* **WHAT YOU SHOULD DO**:
All of the data that follows is to be written out exactly, with images excluded.

########################################

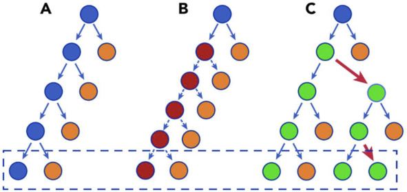 не увеличивает пул стволовых клеток и не превосходит нормальные ГСК. (С) ГСК имеет небольшой уклон в сторону самообновления. Каждые несколько делений (красные стрелки) он создает дисбаланс, так что
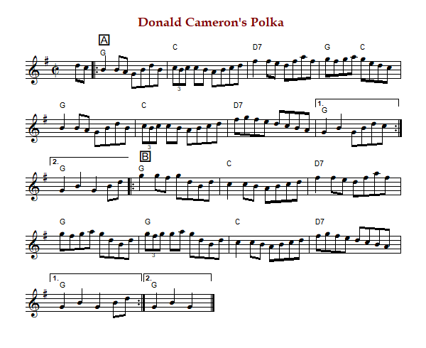 "Donald Cameron's Polka", also known as "Donald Cameron's Reel" is a Canadian polka or
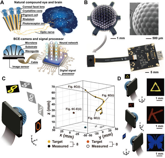 昆蟲通過成百上千個“子眼”協同工作,實現對復雜環境的即時響應。團隊模擬這一結構,設計出一套0.8立方米厘米的仿生視覺系統,實現了百萬像素級的全彩超大視野(165°×360°)高清成像。更重要的是,他們不僅“模仿”昆蟲的視覺系統,還利用AI為其賦能。
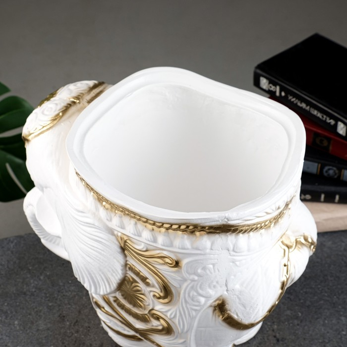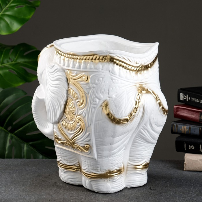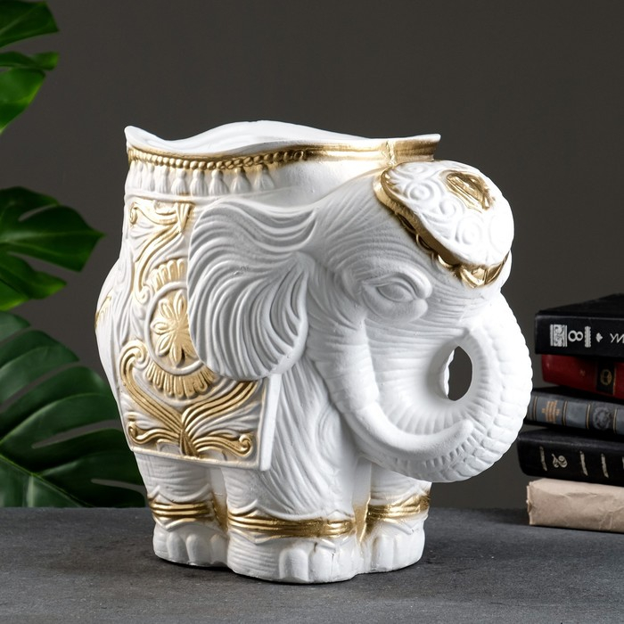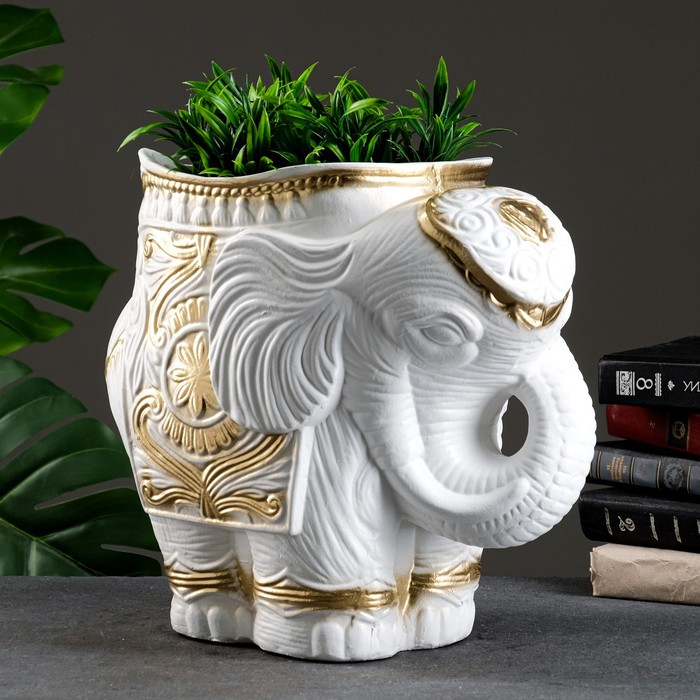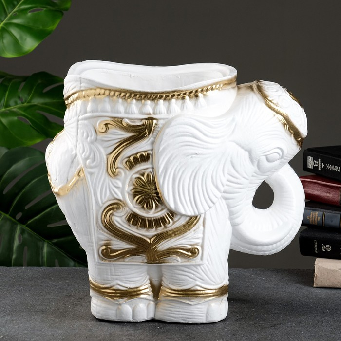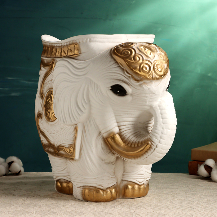 Фигурное кашпо "Слон средний", бело-золотой 6 л/ 35х22х36см
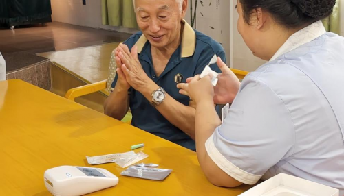 (養(yǎng)老院采用量點(diǎn)科技的檢測(cè)設(shè)備為老人進(jìn)行血栓風(fēng)險(xiǎn)檢測(cè))
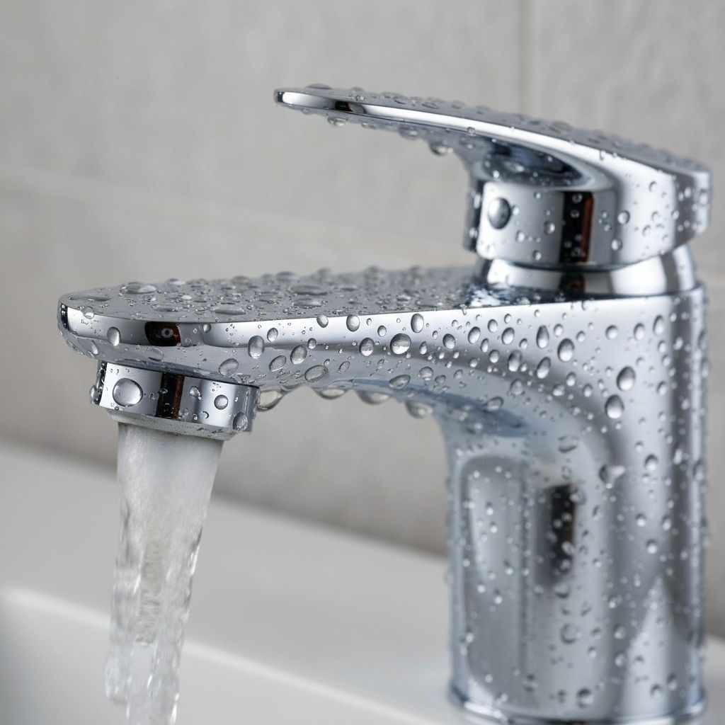 수전 표면에 코팅제를 도포하여 물때를 방지하고 광택을 살립니다.
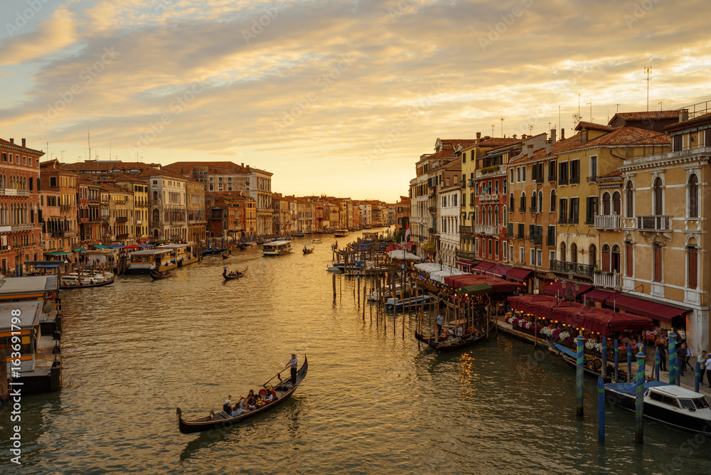 Scenic panorama of Grand Canal at sunset in Venice, Italy
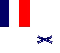 The personal flag of Marshal Alphonse Juin (photo, Infantry Museum) is white with the French national flag in the canton (like the modern Marshal's flag), the batons in the middle of the white stripe of the canton, and seven blue stars, placed 1-2-1-2-1, in the fly side.

########################################

* **SOLUTION FOR THIS TASK**:
 не увеличивает пул стволовых клеток и не превосходит нормальные ГСК. (С) ГСК имеет небольшой уклон в сторону самообновления. Каждые несколько делений (красные стрелки) он создает дисбаланс, так что
 "Donald Cameron's Polka", also known as "Donald Cameron's Reel" is a Canadian polka or
 昆蟲通過成百上千個“子眼”協同工作,實現對復雜環境的即時響應。團隊模擬這一結構,設計出一套0.8立方米厘米的仿生視覺系統,實現了百萬像素級的全彩超大視野(165°×360°)高清成像。更重要的是,他們不僅“模仿”昆蟲的視覺系統,還利用AI為其賦能。
 Фигурное кашпо "Слон средний", бело-золотой 6 л/ 35х22х36см
 (養(yǎng)老院采用量點(diǎn)科技的檢測(cè)設(shè)備為老人進(jìn)行血栓風(fēng)險(xiǎn)檢測(cè))
 수전 표면에 코팅제를 도포하여 물때를 방지하고 광택을 살립니다.
 Scenic panorama of Grand Canal at sunset in Venice, Italy
 The personal flag of Marshal Alphonse Juin (photo, Infantry Museum) is white with the French national flag in the canton (like the modern Marshal's flag), the batons in the middle of the white stripe of the canton, and seven blue stars, placed 1-2-1-2-1, in the fly side.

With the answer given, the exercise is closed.